_EXERCISE INSTRUCTIONS_
When copying the entries below, leave out every picture and keep the rest exact.

---- SOURCE DATA

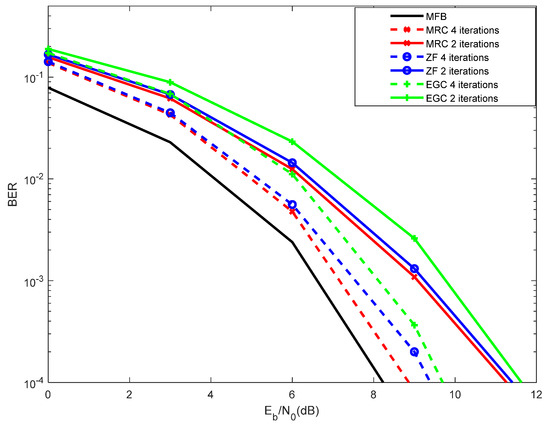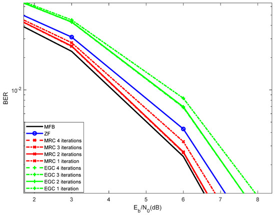 As can be viewed from Figure 5, the best performances, of both MRC and EGC, are achieved with four iterations. Nevertheless, the performances obtained with four iterations are close to those obtained with three iterations. It is also observed a degradation of performance when a single iteration is assumed. Using the interference cancellation associated with the MRC and EGC, one can choose between three or four iterations, as the difference is residual. Beyond four iterations, the performance improvement was almost negligible (not shown in Figure 5). It is shown that the best performance is achieved by the MRC with 4 iterations.
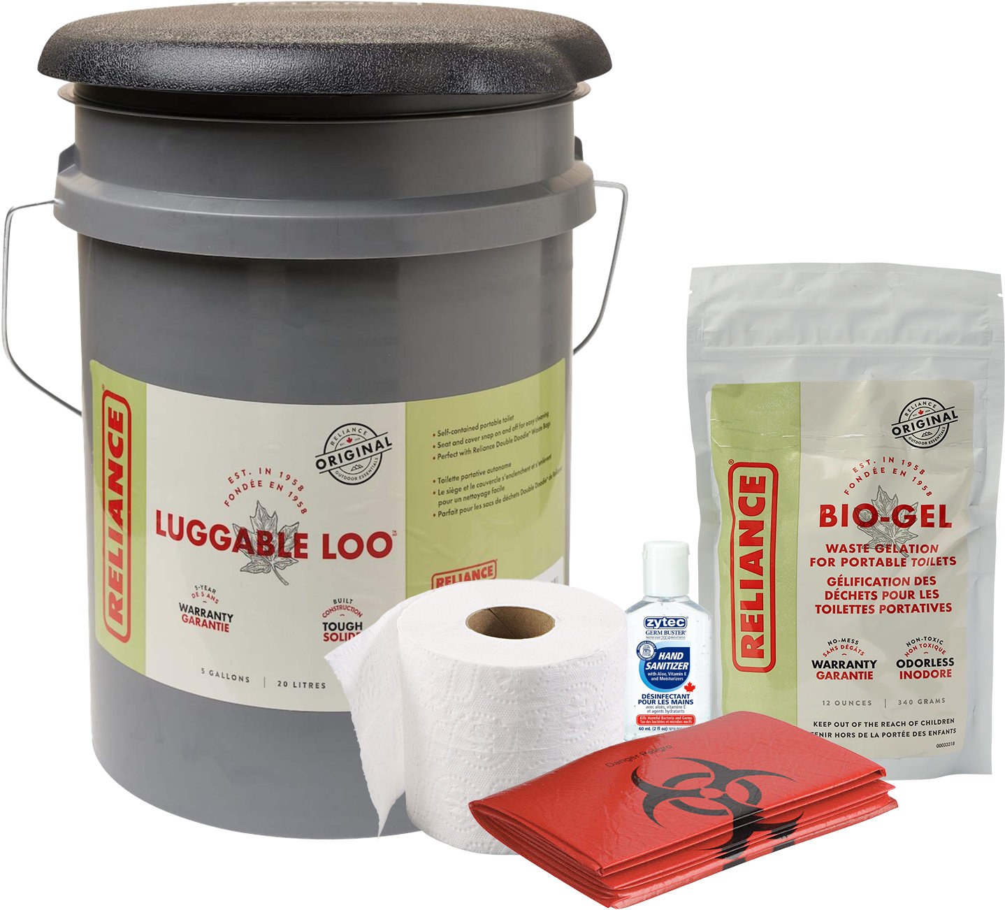 - Includes 5-gallon bucket with toilet seat, EcoGel waste treatment powder, toilet liners, biohazard bag, nitrile gloves, hand sanitizer and toilet paper.
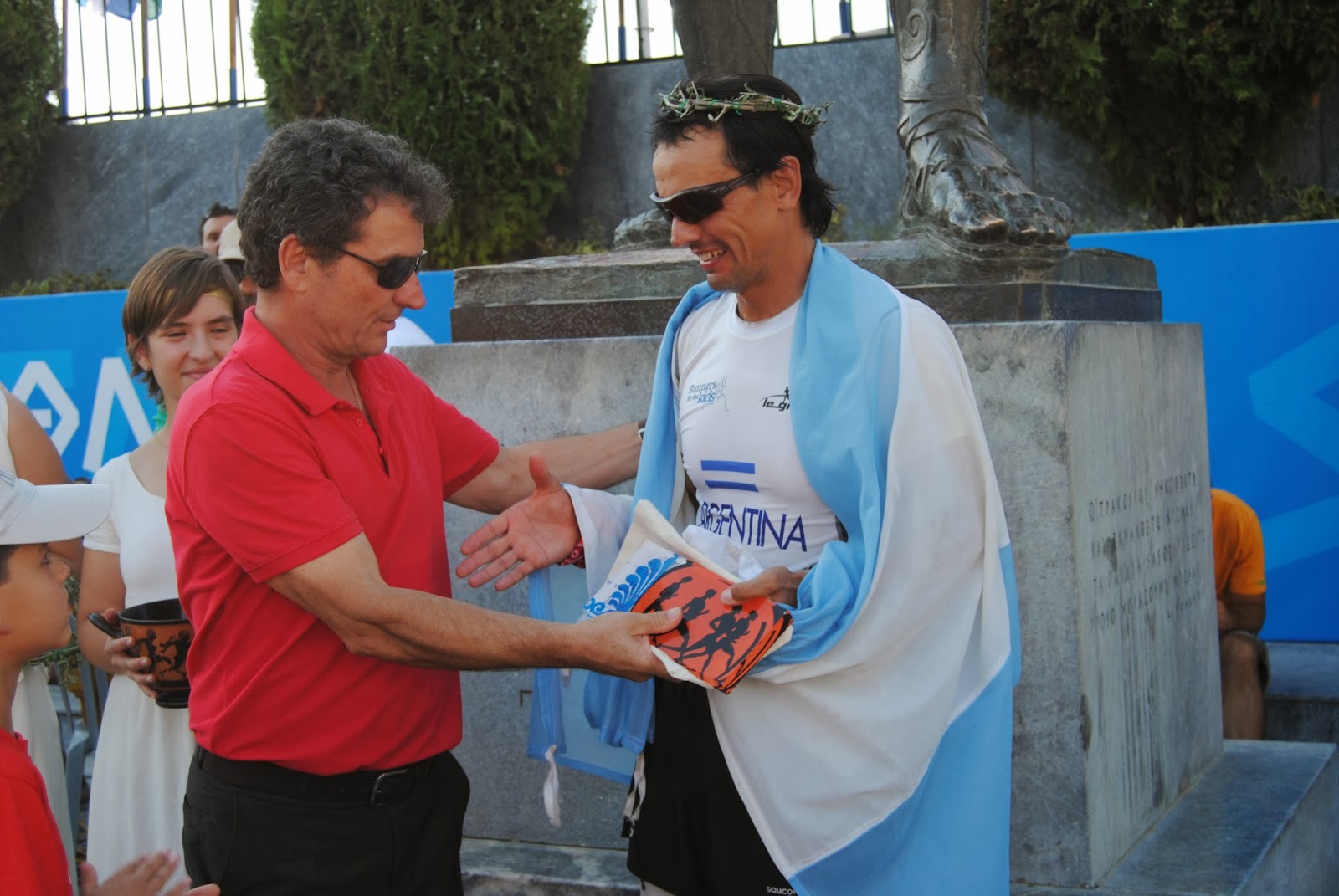 Pasé por debajo del puente y veo que empieza una subida importante, pero había muchos atletas caminando y yo quería llegar solo a los pies de Leonidas, así que no había otra opción que la de correr y pasarlos a todos, ja! ¡Cómo saludaban los coches y las motos que pasaban mientras yo corría cada vez más rápido! Y de repente llega un chico de unos 25 años en bicicleta, y sin decirme nada se pone detrás mío y me empieza a guiar por donde ir, mientras yo veía sin ver las banderas colgadas en el medio de esa avenida, y devolviendo el saludo a la gente que desde sus balcones me saludaban, y los que caminaban por la vereda, y los que estaban en mesas de bar. Vuelvo a doblar por segunda vez a la derecha y apareció todo aquello. Todo eso era irreal, como un sueño, como estar viendo un video en 3D. Había mucha mucha gente y al fondo de todo estaba Leonidas, erguido majestuoso, con las banderas de todos los países atrás.
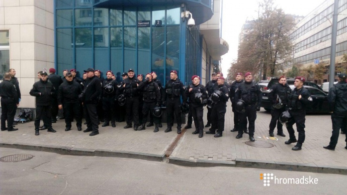 Представители ОО "Майдан" пришли их поддержать, в то время как С14 выступали за то, чтобы полицейским избрали меру пресечения.
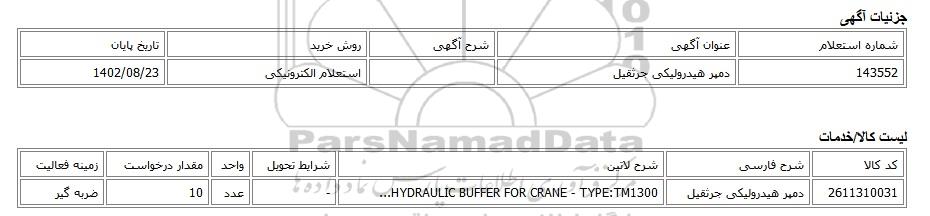 | 143552 | دمپر هیدرولیکی جرثقیل | استعلام الکترونیکی | 1402/08/23 |
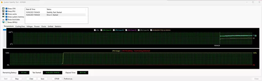 Za chłodzenie odpowiadają dwa miniaturowe wentylatory, które są słyszalne przy maksymalnym obciążeniu. Hałas nie jest jednak ani głośny, ani irytujący. System chłodzenia spełnia swoje zadanie. Pod obciążeniem podzespoły nagrzewają się do około 75°, a system działa stabilnie bez spadku wydajności.

--------

_RESPONSE TO THE EXERCISE_
 As can be viewed from Figure 5, the best performances, of both MRC and EGC, are achieved with four iterations. Nevertheless, the performances obtained with four iterations are close to those obtained with three iterations. It is also observed a degradation of performance when a single iteration is assumed. Using the interference cancellation associated with the MRC and EGC, one can choose between three or four iterations, as the difference is residual. Beyond four iterations, the performance improvement was almost negligible (not shown in Figure 5). It is shown that the best performance is achieved by the MRC with 4 iterations.
 - Includes 5-gallon bucket with toilet seat, EcoGel waste treatment powder, toilet liners, biohazard bag, nitrile gloves, hand sanitizer and toilet paper.
 Pasé por debajo del puente y veo que empieza una subida importante, pero había muchos atletas caminando y yo quería llegar solo a los pies de Leonidas, así que no había otra opción que la de correr y pasarlos a todos, ja! ¡Cómo saludaban los coches y las motos que pasaban mientras yo corría cada vez más rápido! Y de repente llega un chico de unos 25 años en bicicleta, y sin decirme nada se pone detrás mío y me empieza a guiar por donde ir, mientras yo veía sin ver las banderas colgadas en el medio de esa avenida, y devolviendo el saludo a la gente que desde sus balcones me saludaban, y los que caminaban por la vereda, y los que estaban en mesas de bar. Vuelvo a doblar por segunda vez a la derecha y apareció todo aquello. Todo eso era irreal, como un sueño, como estar viendo un video en 3D. Había mucha mucha gente y al fondo de todo estaba Leonidas, erguido majestuoso, con las banderas de todos los países atrás.
 Представители ОО "Майдан" пришли их поддержать, в то время как С14 выступали за то, чтобы полицейским избрали меру пресечения.
 | 143552 | دمپر هیدرولیکی جرثقیل | استعلام الکترونیکی | 1402/08/23 |
 Za chłodzenie odpowiadają dwa miniaturowe wentylatory, które są słyszalne przy maksymalnym obciążeniu. Hałas nie jest jednak ani głośny, ani irytujący. System chłodzenia spełnia swoje zadanie. Pod obciążeniem podzespoły nagrzewają się do około 75°, a system działa stabilnie bez spadku wydajności.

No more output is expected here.